I went over to Austin Pets Alive! after work and took them some cat litter while I was at it. It didn’t take long before I was in love with little Ian. He was in a “room” with a couple of grown cats and he had no fear of them and marched around like he owned the place. So before I knew what was happening, I was filling out paperwork and passing their inspection and getting ready to bring little Ian home with me.

I got home just before Mark left for his Monday night gig, but he thoroughly approved of my choice. He knew I got a prime A #1 kitten!

Willie and Phil are not so sure. There was some growling and hissing on the first day, primarily from Phil, and primarily directed at us, not at the kitten. Things have calmed down considerably and the boys have all played together a little bit. Phil is not sleeping up by my neck like he has always done, but I hope he will get back in his old habits, soon. This kitten isn’t a substitution, he’s just an addition.

Come see him before he grows up!

May 7, 2012

Normal People and Normal Lives

Filed under: At home,Childhood Memories,Normal Life,Writing — Janice @ 7:45 am

I keep looking around the Internet for blogs about "normal" people and their normal lives, but I’m not having a lot of luck finding them. There was a time when blogs/online journals were all about individuals and their random daily thoughts. That is how I met two good friends in Austin — I used to read their daily diaries when I lived in Dallas. I haven’t determined how to even search for that kind of blog anymore, so if you have a suggestion, please speak up.

This came up when we were on our wonderful New Mexico vacation. I drove by cute little adobe houses in the mountains with smoke curling from their chimney and a sweet little garden plowed and ready to plant by the side of the house and I wondered what their daily life was like there? What did they do for a living? Was their life as peaceful and cozy as it appears or is it hectic and crazed and anxiety-filled like mine?

This isn’t the first time I have had these thoughts. When I was a little girl, Daddy and I had a "thing" when we traveled. He and I liked old houses, where my Mom and sister were more into fancy and new. We would drive past an old broken down, unpainted farmhouse and Daddy would say, "There’s a house for us, Janice, how about that one?" I would agree that it was perfect for us and I would picture what life would be like in that broken down house out in the middle of nowhere.
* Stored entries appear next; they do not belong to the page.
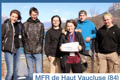
MFR de Haut Vaucluse (84)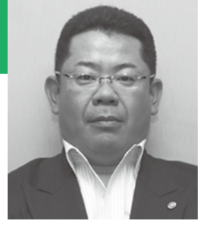
きょうの のぶひろ

〒001-0022 札幌市北区北22条西5丁目2-18 ケイシンII TEL/011-756-8211 FAX/011-758-6378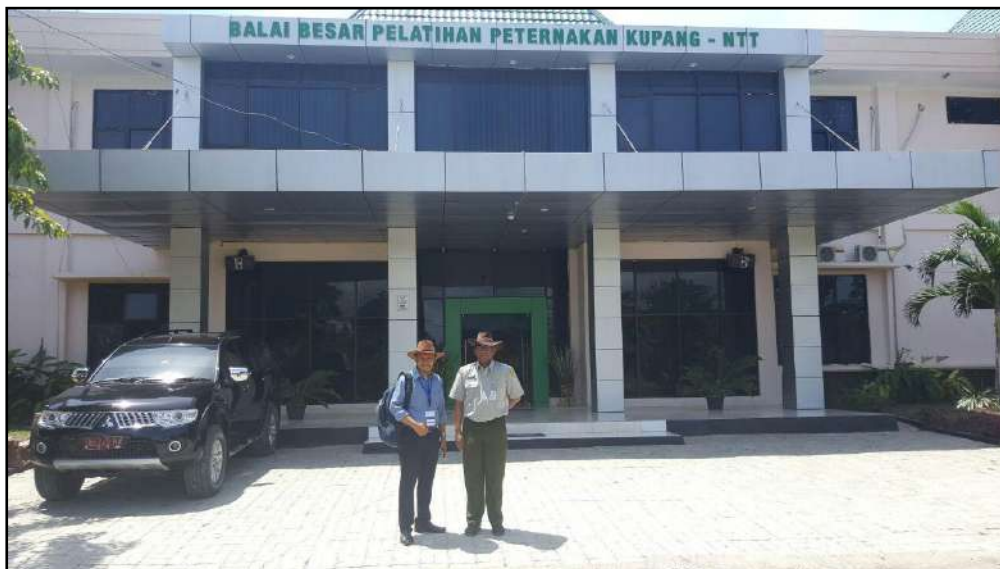
Gambar 8. Kunjungan konsultan PLAN International Jakarta ke BBPP Kupang (15-9-2016)

And I don’t just do it for old houses, either. Mark and I were in Houston for New Year’s and we drove through the River Oaks section of town with their fabulous Christmas lights and decorations and enormous houses, guest houses, 8-car garages, etc., and I wondered about THEIR daily life. Did they really have time to enjoy their beautiful home or were they always traveling for work, staying late at the office?

So, what I’m thinking is that average daily life is interesting to people and I am going to write entries from time to time that are probably a little boring to some, but might be fascinating to someone that wonders what in the world a woman with no children does all day. Or a woman that has one of the coolest jobs in the world does while she sits in her cubicle for 8 hours. And what it is like to be married to a drummer. ETC.

But that entry apparently won’t be this morning. But when I do write it, it will probably start with how I always spend too much time on the computer in the morning and then I get showered and dressed for work in 5 minutes. Then my friends will begin to understand why I look like I do.